Face aos normativos atrás enunciados, e para o que agora interessa, “a omissão de pronúncia significa, fundamentalmente, ausência de posição ou de decisão do tribunal sobre matérias em que a lei imponha que o juiz tome posição expressa. Tais questões são aquelas que os sujeitos processuais interessados submetam à apreciação do tribunal (art. 660.º, n.º 2, do CPC), e as que sejam de conhecimento oficioso, isto é, de que o tribunal deve conhecer, independentemente de alegação e do conteúdo concreto da questão controvertida, quer digam respeito à relação material, quer à relação processual” (cf. Ac. deste STJ de 24 de outubro de 2012, processo n.º 2965/06.0TBLLE.E1).


3. Assim, estando em causa uma decisão, as exigências de pronúncia e fundamentação dos acórdãos devem sofrer as devidas adaptações em função do objeto e do âmbito do recurso, pelo que a omissão de pronúncia apenas ocorrerá quando o tribunal deixou de se pronunciar sobre uma questão que devia ter apreciado, seja a mesma suscitada pelas partes em recurso ou de conhecimento oficioso (artigos 425, n.º 4 e 379 do Código de Processo Penal).

Nesta senda, “as questões a decidir não se confundem com considerações, argumentos, motivos, razões ou juízos de valor produzidos pelas partes: a estes não tem o tribunal que dar resposta especificada ou individualizada, mas apenas aos que directamente contendam com a substanciação da causa de pedir e do pedido. Não ocorre a nulidade, por omissão de pronúncia, se não forem consideradas, na sentença, linhas de fundamentação jurídica que as partes hajam invocado”. (Ac. deste STJ de 9 de dezembro de 2014, Revista n.º 75/07.1TBCBT.G1.S1 - 1.ª Secção, acessível in www.stj.pt/jurisprudencia/sumários de acórdão/ Civil - Ano de 2014).



B

Da Pretensa Omissão de Pronúncia, no Caso



1. No caso dos presentes autos, invocam os recorrentes que há omissão de pronúncia em virtude de o acórdão proferido ter mantido a condenação, mas ter mencionado uma questão/ilícito diferente, pelo que os mesmos concluem que o Tribunal não se pronunciou sobre a questão por si suscitada.

No acórdão em causa, proferido a 29 de setembro de 2021, escreveu-se que:

“Em geral, podem considerar-se elementos do crime de associação criminosa: a pluralidade de elementos; os laços significativos (ainda que continuidade temporal; a estrutura organizatória; e, obviamente, o escopo criminoso, sem o que cairá por terra qualificação. A lei reconhece: elemento organizativo, de estabilidade e da finalidade criminosa — v. Acs. deste STJ, de 8-1-98, Proc. n.º 1042/97; e de 23-11-00, CJ, S, XIII, 3, p.220. É um crime doloso, de execução permanente e de perigo abstrato.
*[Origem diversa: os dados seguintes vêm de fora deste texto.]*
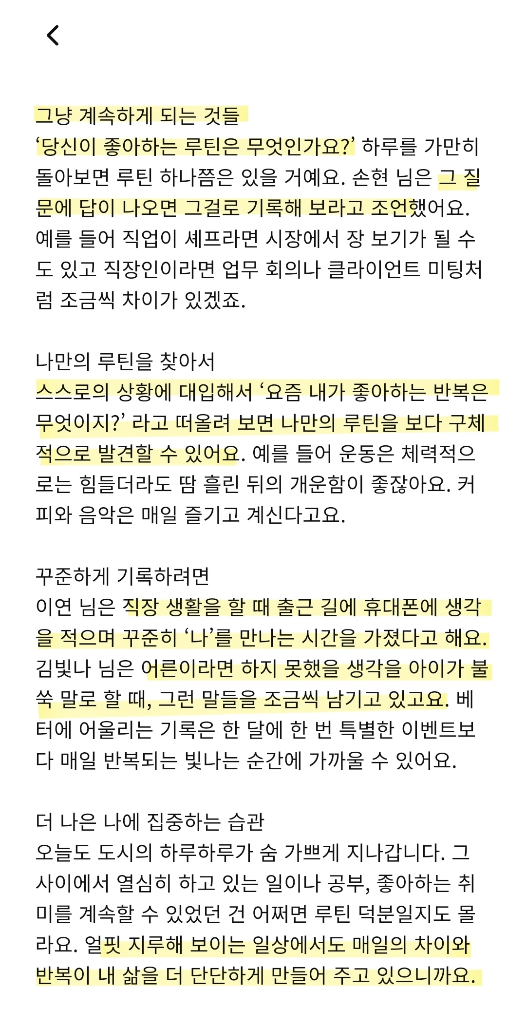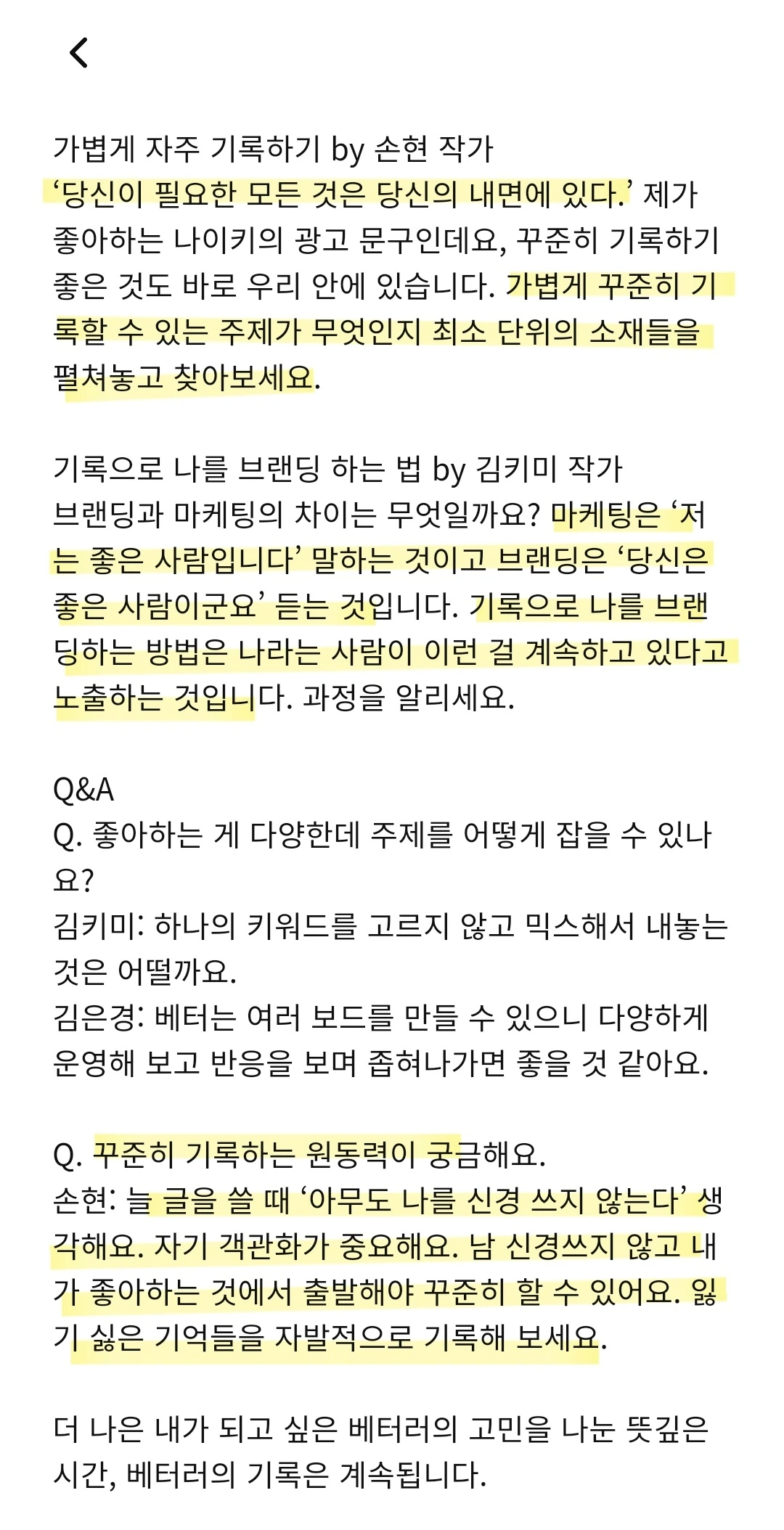 여기서 기록은 이를 도와준다. 기록하기 전 나의 관심사를 생각해 보게 되고, 그것을 기록함으로써 견고한 취향이 만들어진다.

 Parece efetivamente, pelos elementos dos autos, não haver dúvidas de que estamos (inter alia) perante um crime de associação criminosa p. e p. pelo art 299, n.º 1, do CP, sendo que a arguida AA, ao chefiar a organização, fica sob a alçada da previsão do n.° 3 do mesmo artigo. Quem chefiar ou dirigir os grupos, organizações ou associações referidos nos números anteriores é punido com pena de prisão de 1 a 8 anos.

Quem promover ou fundar grupo, organização ou associação, cuja finalidade ou atividade seja dirigida à prática de crimes é punido com pena de prisão de 1 a 5 anos.

O bem jurídico primacial que se pretende tutelar com esta incriminação é a preservação da paz pública (e a ordem jurídica na sua integralidade, o que é, aliás, uma outra forma de o dizer).

Trata-se de atalhar a um especial perigo de perturbação que de per si viola a paz pública e atenta contra a ordem jurídica. Esta noção de "paz" é ampla, e de algum modo apela para uma latência e implica potencialidade de ser perdida. Pelo que a perda da paz (neste sentido) pode ocorrer antes da segurança ou da tranquilidade. Cf. Figueiredo Dias, Comentário Conimbricence do Código Penal, Parte Especial, Tomo II, Coimbra, Coimbra Editora, 1999, p. 1157.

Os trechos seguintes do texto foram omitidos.